Which is why the film won't break attendance records in India and, at this writing, is doing exceptionally well in international markets.

Watching the film for the second time I was struck by how carefully the film avoids passing judgment on obsessive fan Gaurav Chandna. His acts of vengeance are wrong, of course, but how much is he a victim of the industry created around superstar Aryan Khanna or the punishment meted out by cops acting at Khanna's behest? Gaurav's hero worship is a boon to both himself and his parents and he's a local celebrity to the people of his Delhi colony. All is well until Gaurav travels to Mumbai to show Khanna his most recent trophy for winning the colony's talent contest. Why shouldn't he expect an audience with his idol? Conversely, Khanna's sense of entitlement is understandable but years of being worshiped give him a deluded sense of control. He's oblivious to the possibility that screaming throngs at the bottom of a two-story fence in front of his Mumbai fortress might not be satisfied with a once-a-year birthday wave.

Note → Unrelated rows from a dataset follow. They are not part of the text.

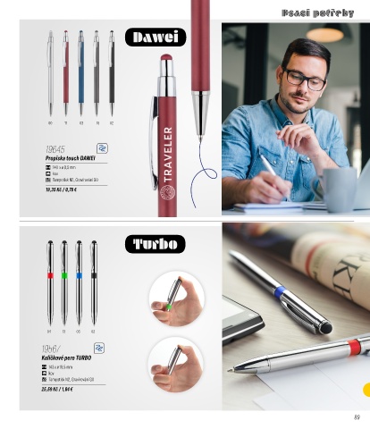 Psací potřeby Dawei 00 11 03 15 02 19645 Propiska touch DAWEI 140 x ø 8,5 mm kov Tampotisk N2, Gravírování G0 19,35 Kč / 0,78 € Turbo 04 13 03 02 19567 Kuličkové pero TURBO 143 x ø 10,5 mm kov Tampotisk N2, Gravírování G0 25,59 Kč / 1,04 € 89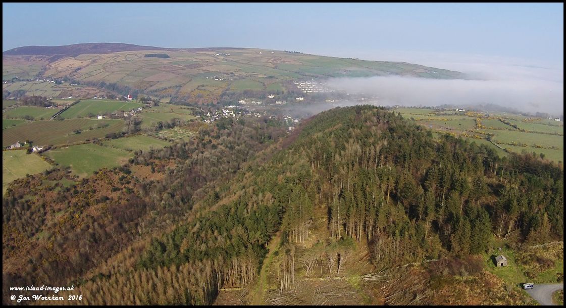 Axnfell plantation with sea fog creeping in over Laxey and the Laxey Wheel just visible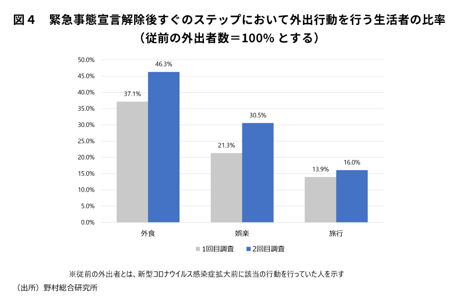 。緊急事態宣言解除時期が早い都道府県ほど傾向は顕著であることから、今後さらに外出意識が高まることも想像できる。(図3)また、「緊急事態宣言解除後すぐのステップにおいて外出行動を行う生活者」の比率は、外食、娯楽においてはそれぞれ46.3%(9.2ポイント増)、30.5%(9.2ポイント増)と上昇した。しかし、旅行においては、16.0%(2.1ポイント増)と低調のままである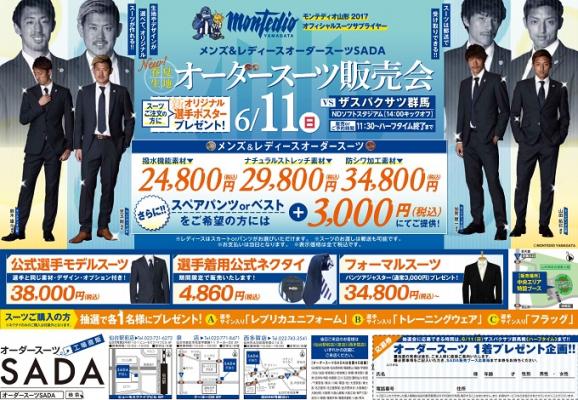 工場直販オーダースーツSADAは6/11(日)にNDソフトスタジアムにて「オーダースーツ販売会」を開催致します。スタジアム販売会に際しまして、2017年モデルのモンテディオ山形公式オーダースーツを発売致します。オーダースーツSADAは、スーツサプライヤーとして2017年シーズンもモンテディオ山形を応援致します。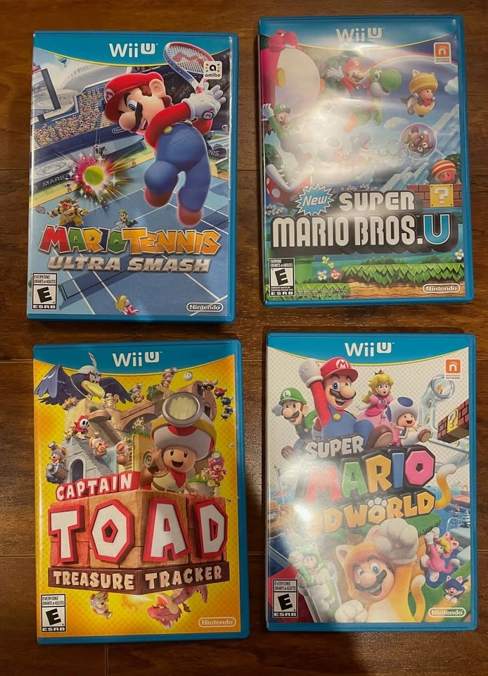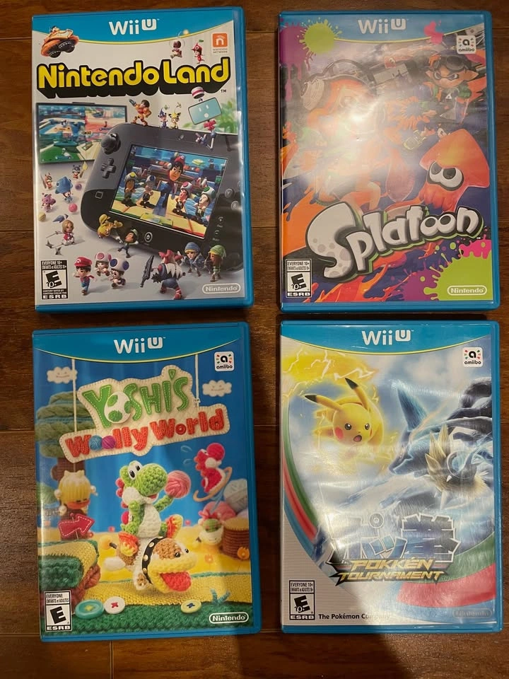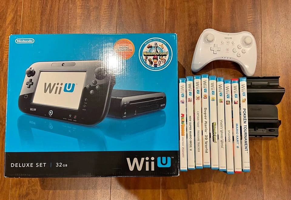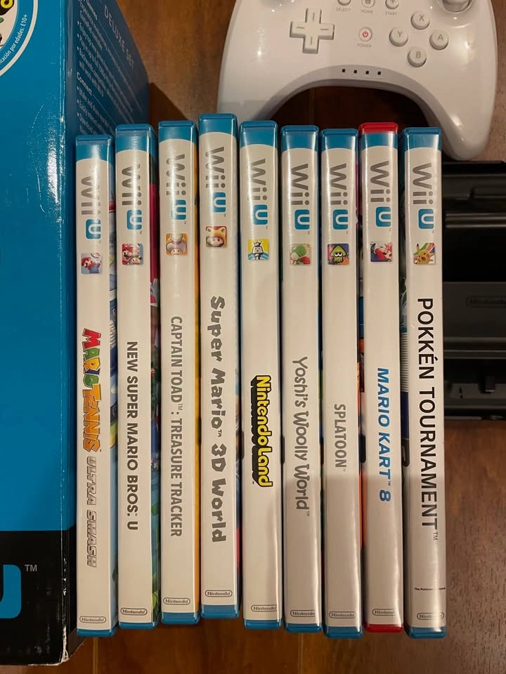 Great near-perfect condition, in original box with original packaging and manuals. Comes with additional Wii U Pro Controller (loose) and extra Game Pad Cradle and Game Pad Stand. Console in perfect order (only lightly used.) I’m the original owner and this has been stored lovingly for many years in my home, recently tested. All games are in great condition CIB Games included: • Mario Kart 8 • Super Mario 3D World • Captain Toad: Treasure Tracker • New Super Mario Bros. U • Mario Tennis: Ultra Smash • Splatoon • Yoshi's Woolly World • Pokken Tournament • NintendoLand (pack-in with console) Console comes with original box (in great condition!), original packaging, manuals and cables (fully CIB). Pick-up in Oakville. Just North of QEW off Bronte. Check out my other Video Game and collectable listings. I’ll be posting more soon.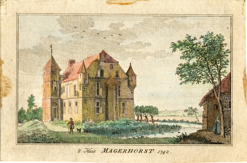 Gravure op papier voorstellende ‘t Huis Magerhorst i...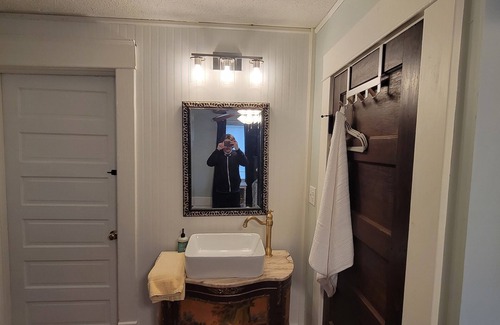 This cozy, well decorated, ground level suite in the downtown historic emerywood neighborhood offers many amenities with parking just a few steps from the front door. Close to downtown, 1 block to the hospital, High Point Medical Center, 3 mins to Rocker Stadium & Center. The en-suite offers a well equipped kitchenette & bathrm along with a cush queen sized bed & 50 inch TV. Guests have sole use of the front porch entryway w/comfortable wicker chairs and cafe table. We have affordable rates!.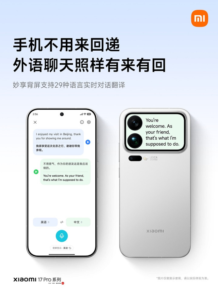 借助这个副屏,小米有许多巧思的设计,比如,之前小米17 Pro系列还新增了一个【对话翻译】功能,在正面说中文,背屏就可以直接显示翻译内容,也是一个背屏的很好用法。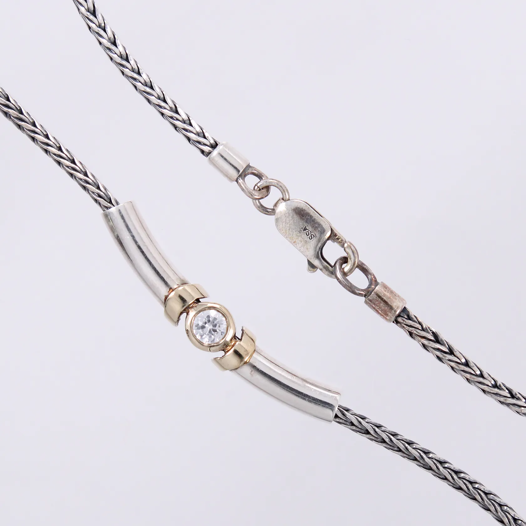 Collier med vit sten, längd: ca 42,5cm, bredd: ca 3-5mm, 925/1000, silver Vikt: 16,1 g.

As Gaurav states repeatedly to questioners of his obsession, "You wouldn't understand."

Opening night ticket.
Khan's transformation into Gaurav is as believable and potentially iconic as Marlon Brando's turns as Vito Corleone in the first two Godfather films. The difference, of course, is Brando didn't have to portray both Corleone and those who wanted him dead. Dual roles have been a Bollywood trope for generations but not like this. Nine-time Academy Award nominee and 3-time winner Greg Cannom's first Indian cinema effort results in a character that's similar enough to Khan's to make his Aryan-impersonations legitimate yet sufficiently unique to make Gaurav magnetic in a way Aryan is not. Fan doesn't rely on special effects to make you care for its anti-hero -- that's all Khan's doing -- but Cannom's brilliant work means you're never distracted from Gaurav's worshipful bliss or unhinged torment. You're just captivated.

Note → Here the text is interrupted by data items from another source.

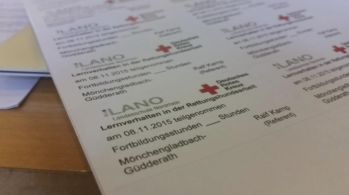 Bereits Anfang des Jahres schulte Kamp die Rettungshunde-Ausbilder der Rettungshundestaffeln im Landesverband Nordrhein. Dieses Mal unterrichtete er zum Thema „Lernverhalten in der Rettungshundearbeit“.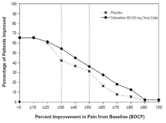 The graph shows the percentage of patients who improved with Duloxetine medication compared to a placebo. The improvement is measured in terms of pain relief from baseline and ranges from 0% to 100%. The x-axis shows the range of pain relief percentage while the y-axis represents the frequency or number of patients. The graph suggests that patients who took Duloxetine experienced significant improvement in pain compared to the placebo.*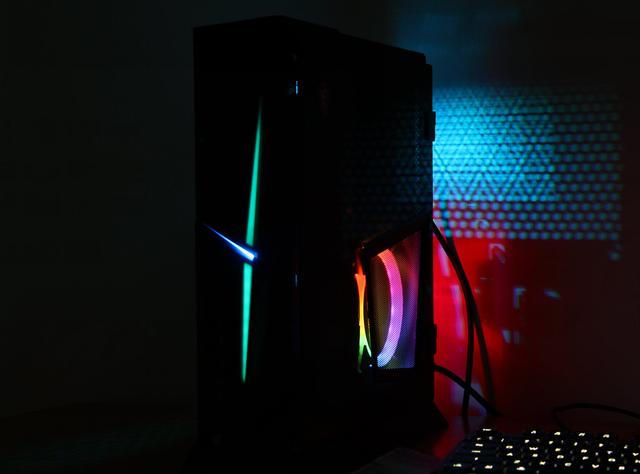 尽管是品牌机,但海皇戟A在玩灯方面并不落伍,时下流行的RGB玩的很6,而且还原生支持MSI自家的Mystic Light灯光控制软件。在Mystic Light中,有多种灯效模式可选,玩家可以随意自定义自己喜欢的色彩,下面先看紫色。红色和紫色的搭配。蓝色和绿色的搭配。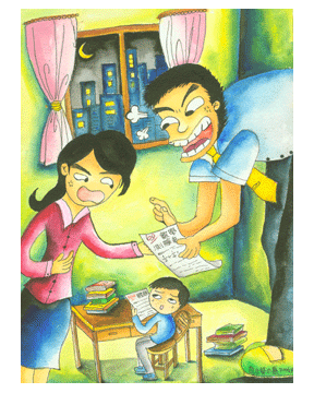 今天補習班發考卷,結果我的數學只考六十分,我覺得自己已經盡力了;可是爸媽說考不到九十分以上就得打。我問過爸媽,為什麼考不好就得被打,他們竟然回答:「該用的方法都用了,打對你才有效。」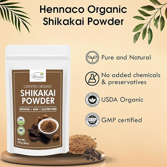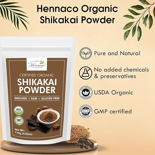 hennaco Organic Shikakai Powder| Acacia concinna Powder| Natural (4 OZ) 114 G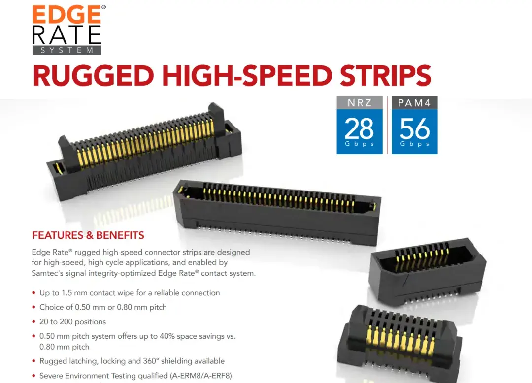 平视仪表盘显示,以及诸如地图、导航指示和车载通信工具等先进显示功能,都能从采用单个连接器处理信号和电源的设计中获益。在这一领域,许多Samtec的客户都使用我们的Edge Rate坚固型高速连接器(可选摩擦锁扣),应用于仪表盘内和车载信息娱乐系统。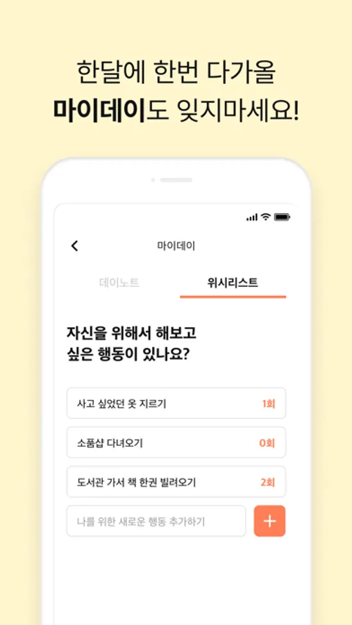 - [위시리스트]에 온전히 나를 위한 행동을 저장해두고,

In place of item numbers director Maneesh Sharma fuels Fan with breakneck chases along the facade of Mumbai's crumbling Delite Hotel, atop the clay rooftops of Dubrovnik and through Delhi's Inder Vihar colony. Thunderous, Mission Impossible-esque music accompanies each sequence and each is edited like a particularly frantic Bourne film. Deliberate or not the connections are clear and make Fan relatable to Western audiences in a way no film from fellow superstars Salman Khan or Aamir Khan has ever been.

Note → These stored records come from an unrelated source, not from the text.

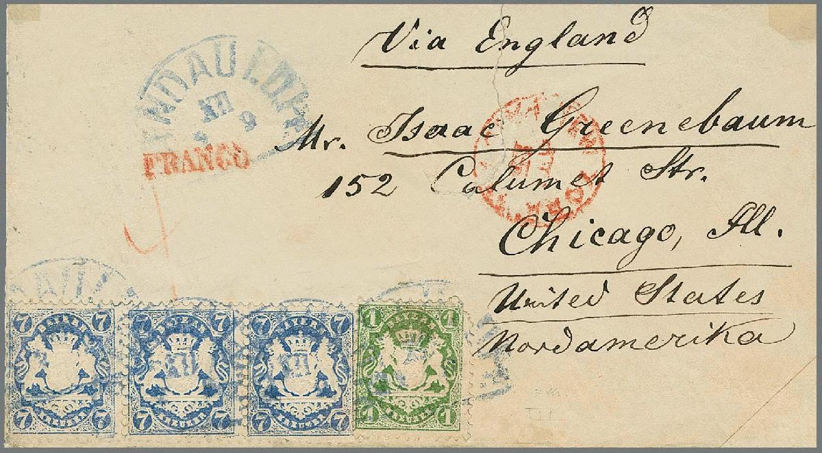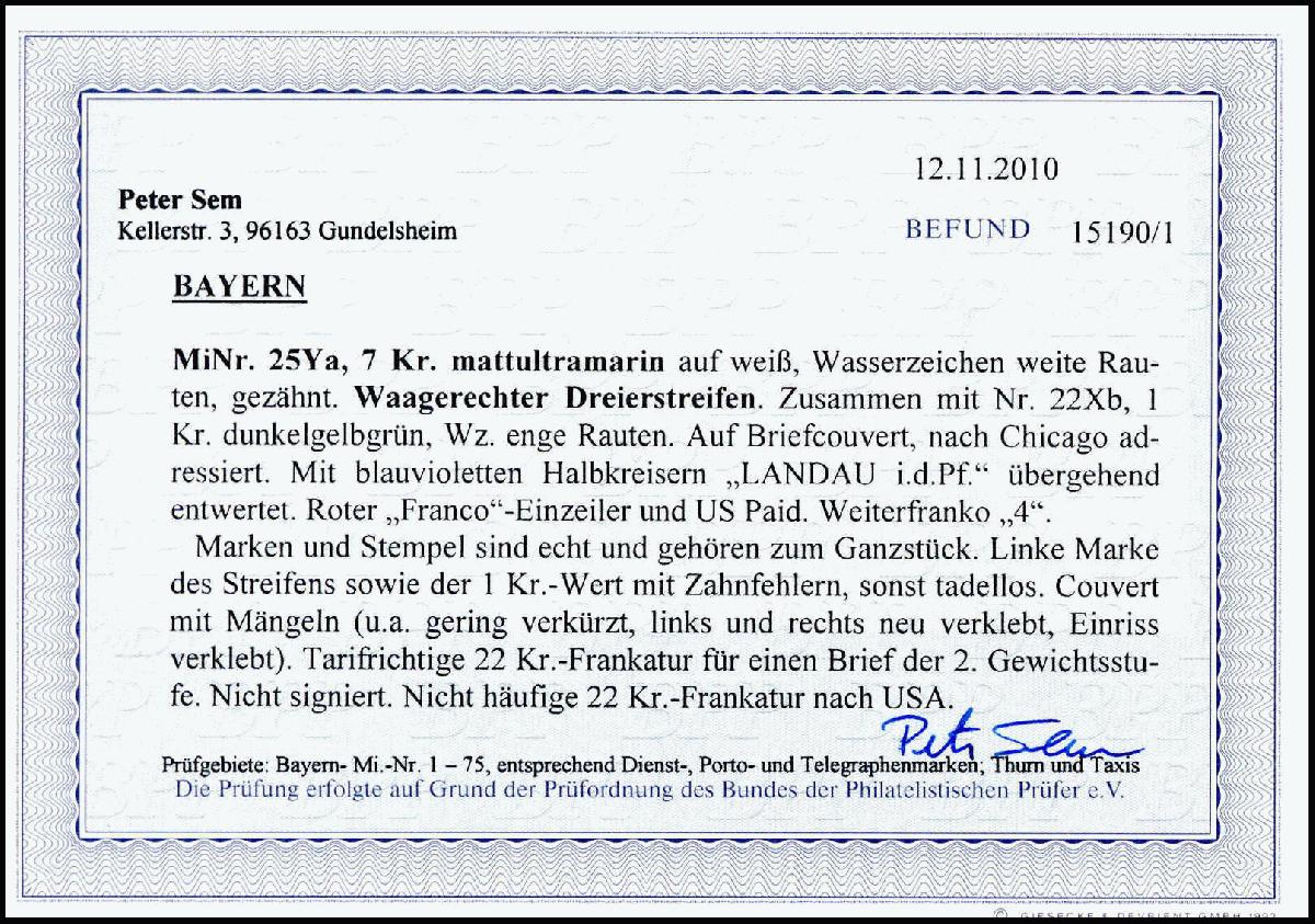 | Zusatzinformationen und Suchstichworte: | Rauhut & Kruschel - 212. Auktion Auktionstermin: 30. Juli 2022 Los 326 Altdeutschland Bayern 1 Kr. dunkelgrün (Zf.) in Mischfrankatur mit waagerechtem Dreierstreifen 7 Kr. ultramarin (Wz."weite Rauten") auf etwas ausgebessertem Couvert von Lindau nach Chicago/USA. Seltene Kombination, Fotoexp. Sem Ausruf 450,00 EUR |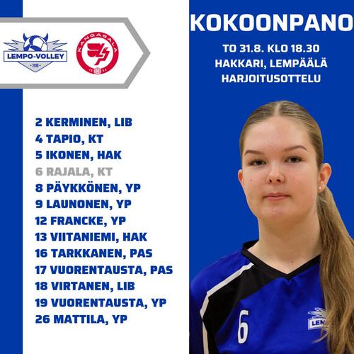 Lempo-Volleyn naisten 1-sarjajoukkue aloitti kauden 2023-24 harjoituspelit kovalla koitoksella liigajoukkue LP Kangasalaa vastaan. Uusi kausi korkattiin Hakkarin liikuntahallissa elokuun viimeisenä päivänä.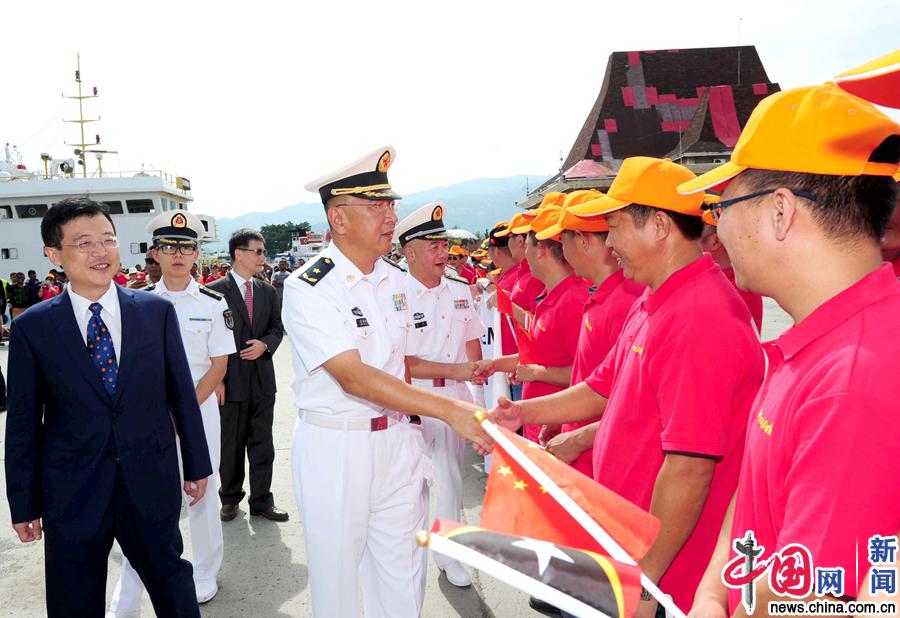 在东帝汶帝力港码头,“和谐使命-2017”任务指挥所领导与前来送行的华人华侨握手告别。江山 摄

Of the three Indian cinema heavy hitters, Aamir's created the most creative template for box office hits with 'big ideas' in India -- but those big ideas are very India-focused. Salman's films are the most simplistic, aimed most at the 'common man', and therefore the most commercially successful. (A trailer for his upcoming Sultan brought cheers from the opening night crowd -- but not the second.) The feral fanbases of Shah Rukh and Salman guarantee good opening weekends but each release is run through a prism of past cinematic glory that leaves little room for growth. Like college students forced to produce first grade report cards to prove their worth the two Khans are shackled by their pasts. One, Salman, chooses not to fight it. The other, Shah Rukh, fights to expand it.

If Fan is the template for SRK's cinematic future releases, he just might find himself becoming a household name amongst a new variation of fan: Non-Indian ones interested in the quality of each film ... and absolutely nothing else.